The authors “both had moments where they wanted to parachute off Trump Force One,” but they said they got used to it.
Lewandowski provides a largely admiring portrait of his former boss, saving the skewer for score-settling anecdotes about Paul Manafort, the former campaign chairman and rival whom Lewandowski blames for his ouster. The Post obtained an advance copy of the book, which is scheduled for release on Tuesday.
In a section of the book written by Lewandowski, Trump is described as flying on his helicopter when he learns that Manafort has said “Trump shouldn’t be on television anymore, that he shouldn’t be on the Sunday shows” and that Manafort should appear instead. Trump was angrier than Lewandowski had ever seen him, ordering the pilot to lower the altitude so he could make a cell phone call.
“Did you say I shouldn’t be on TV on Sunday? I’ll go on TV anytime I g--dam f---ing want and you won’t say another f---ing word about me!” Trump yelled at Manafort, according to Lewandowski. “Tone it down? I wanna turn it up! . . . You’re a political pro? Let me tell you something. I’m a pro at life. I’ve been around a time or two. I know guys like you, with your hair and skin . . .”

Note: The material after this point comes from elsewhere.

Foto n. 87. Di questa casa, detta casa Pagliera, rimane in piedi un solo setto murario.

Lewandowski called it “one of the greatest takedowns in the history of the world.”
The aide’s satisfaction at the takedown didn’t last long, however, as he “immediately got a phone call” from Trump’s son-in-law, Jared Kushner, “telling me I wasn’t a team player and that I’d thrown Paul under the bus.” Lewandowski wrote that Manafort soon arranged for him to be fired.

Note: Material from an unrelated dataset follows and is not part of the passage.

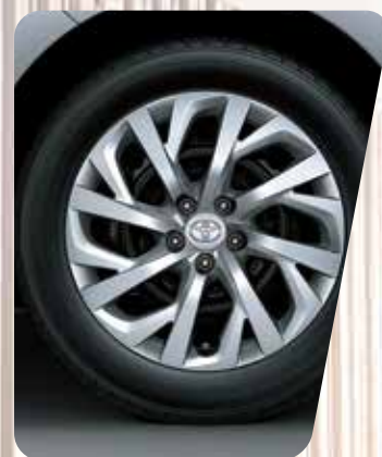
Llantas de acero de 16" 1
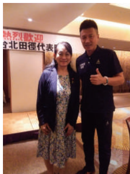
「静岡市・台北陸上大会」 交流事業代表歓迎会

But Manafort’s days were numbered as well, especially after ­Breitbart News executive Stephen K. Bannon became an adviser to the campaign and set his sights on ousting the campaign chairman.
In one of the most striking passages of the book, the co-authors describe a scene in which Bannon is read the first few paragraphs of a forthcoming story by a New York Times reporter laying out allegations that Manafort had received a $12.7 million payment from a Ukrainian political party. (A New York Times spokesman said in a statement that no one at the newspaper read a portion of the story to Bannon prior to publication.) The encounter occurred at Manafort’s apartment in Trump Tower, where, the co-authors write, an unnamed woman in a white muumuu “lounged” on the couch.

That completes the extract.